The acquisition, according to the ACCC, would increase Virtus’s already substantial market share in Brisbane and Melbourne, with further concerns raised over the changes to the market in Sydney.
In addition, the ACCC argues that Adora has been a “vigorous” competitor, pushing prices for IVF services lower through its low-cost model.
“A reduction in competition is likely to result in increased IVF prices, adding to the financial impact on consumers seeking to fulfil their wish for having children,” Mr Sims continued, noting that it was already an expensive and difficult process.
To circumvent that concern, Virtus had offered the ACCC a temporary “hold separate” proposal, meaning Virtus would acquire Adora but commit to keeping the business separate.
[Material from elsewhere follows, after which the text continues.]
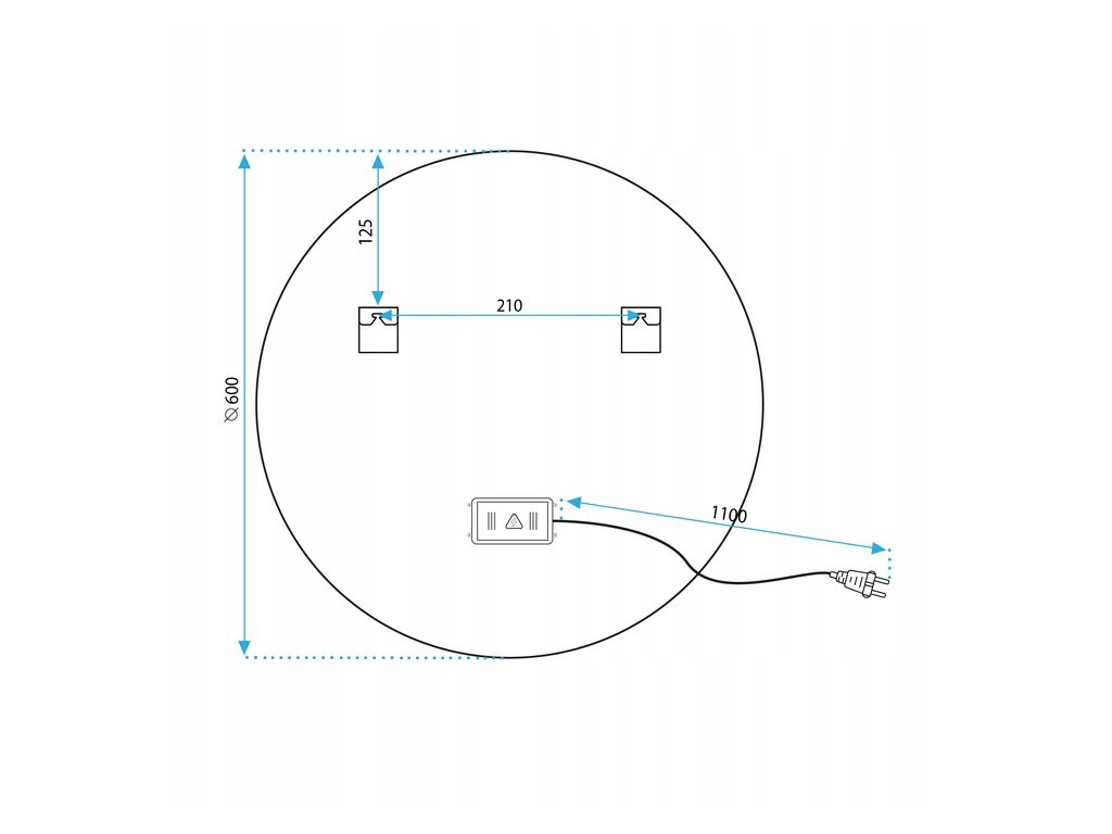 A tükörkeretben található érintőkapcsoló kéken világít, ha a funkció be van kapcsolva. A csomag tartalmaz egy fehér tápkábelt is, melynek hossza 110 cm.
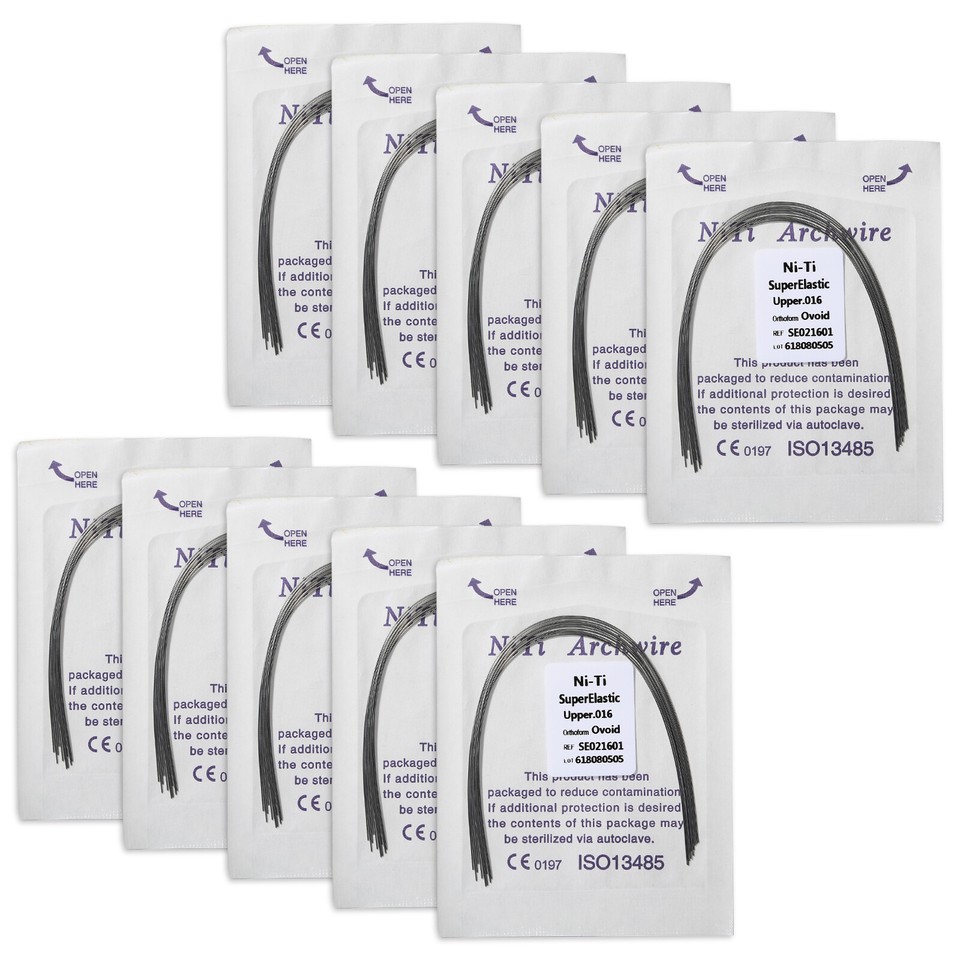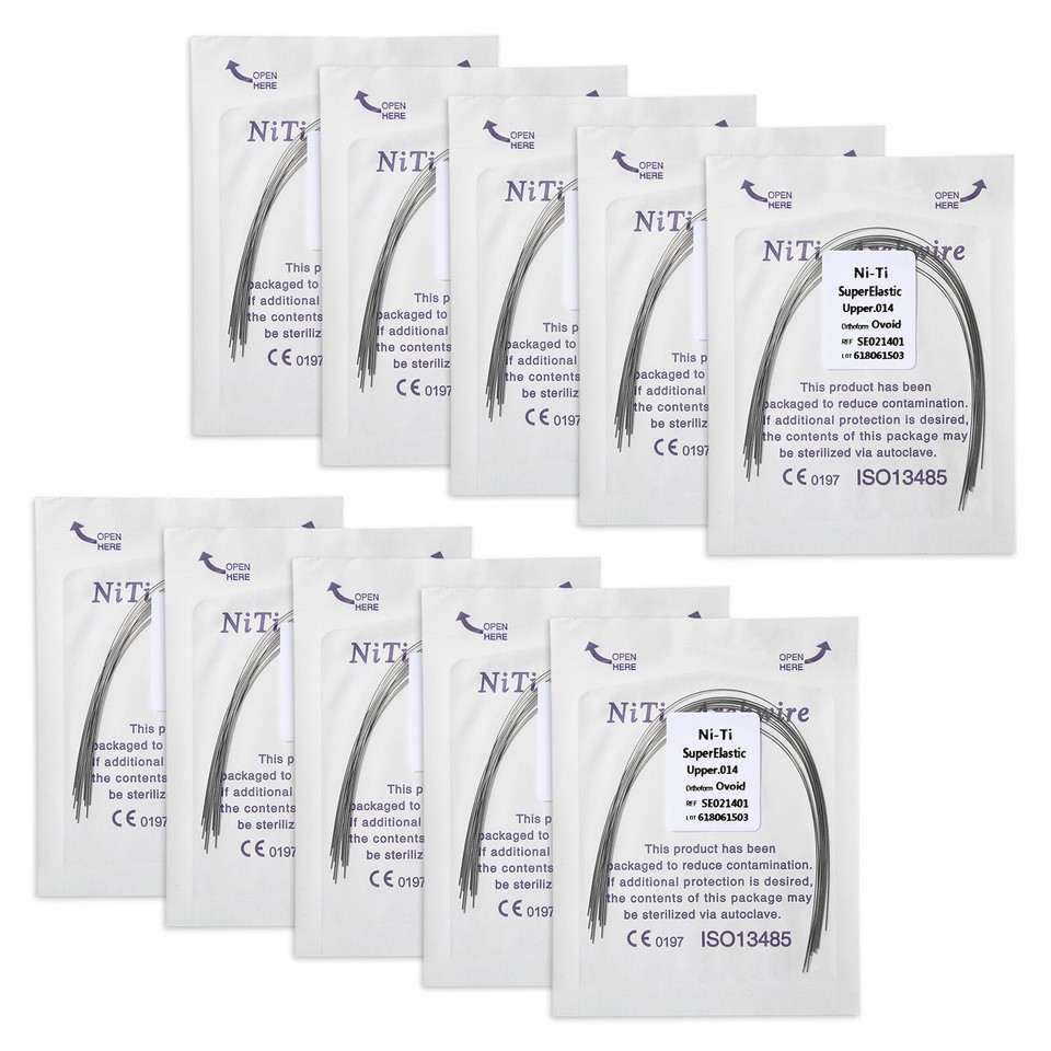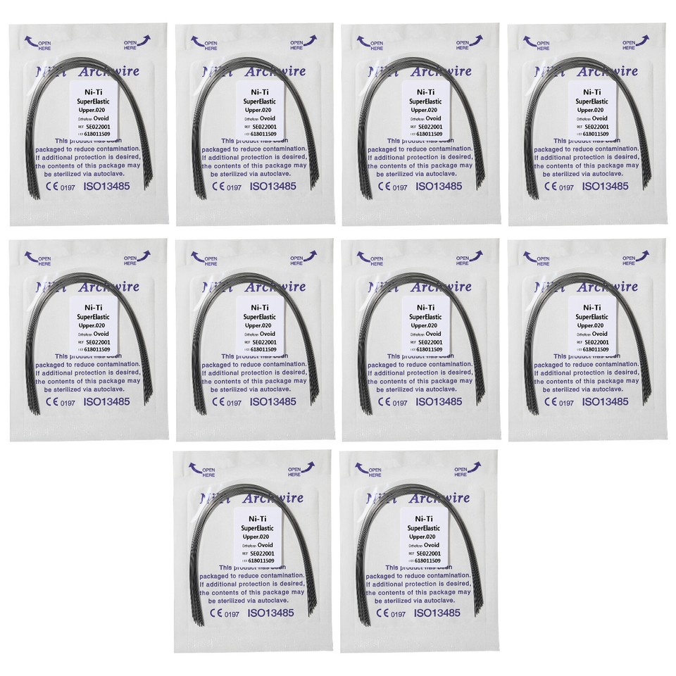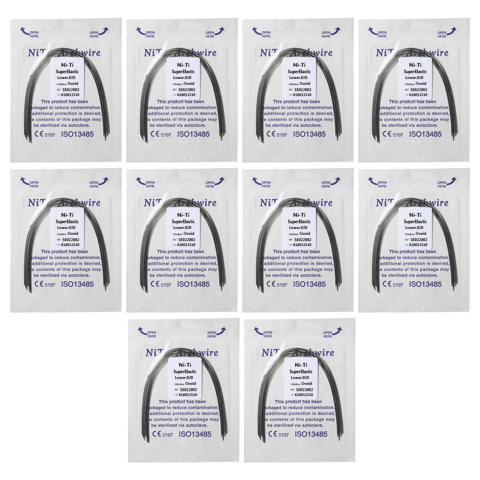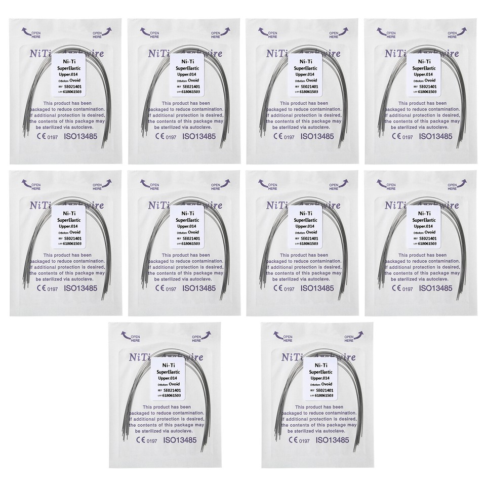 Destiné aux professionnels de l'orthodontie ou aux étudiants dentistes, ce lot est très pratique. Il contient 10 arcs orthodontiques (ou \fils\) ronds/ovales. Ils sont en alliage Niti (Nickel-Titane) super élastique et mémoire de forme, ou en acier inoxydable, selon les modèles. Le lot propose plusieurs diamètres courants : 012U/L, 014U/L, 016U/L, 018U/L, 020U/L (U/L pour Upper/Lower, arcades supérieure et inférieure). C'est du matériel neuf, dans son emballage d'origine, non stérilisé. Idéal pour avoir un stock de tailles variées sous la main au cabinet. Les produits ont les numéros d'homologation FDA 510(k) requis pour être utilisés aux États-Unis (pour les pièces à main, lampes de polymérisation etc., ce qui indique un certain sérieux). Fabriqué en Chine, sans marque spécifique, mais conforme aux standards du métier. Parfait pour les ajustements, les remplacements ou la pratique. Un essentiel dans le tiroir du pro !

But that was not accepted by the ACCC, which called it an “inferior option” that was unlikely to be effective in maintaining Adora as a “vigorous and effective competitor”.
“The ACCC considers that there are no compelling reasons other than commercial convenience for the transaction to proceed at this time,” Mr Sims said.
In a statement released today, Virtus said it remained committed to completing the acquisition and that it would defend any legal proceedings.
“Situations like this demonstrate why we believe Australia needs a formal merger regime, under which companies cannot complete transactions which raise potential competition issues before they allow adequate time for ACCC approval,” Mr Sims concluded.
Shares in Virtus Health were up 0.73 per cent to $5.49, while Healius was up 1.08 per cent to $4.70 at the close of trading on Wednesday.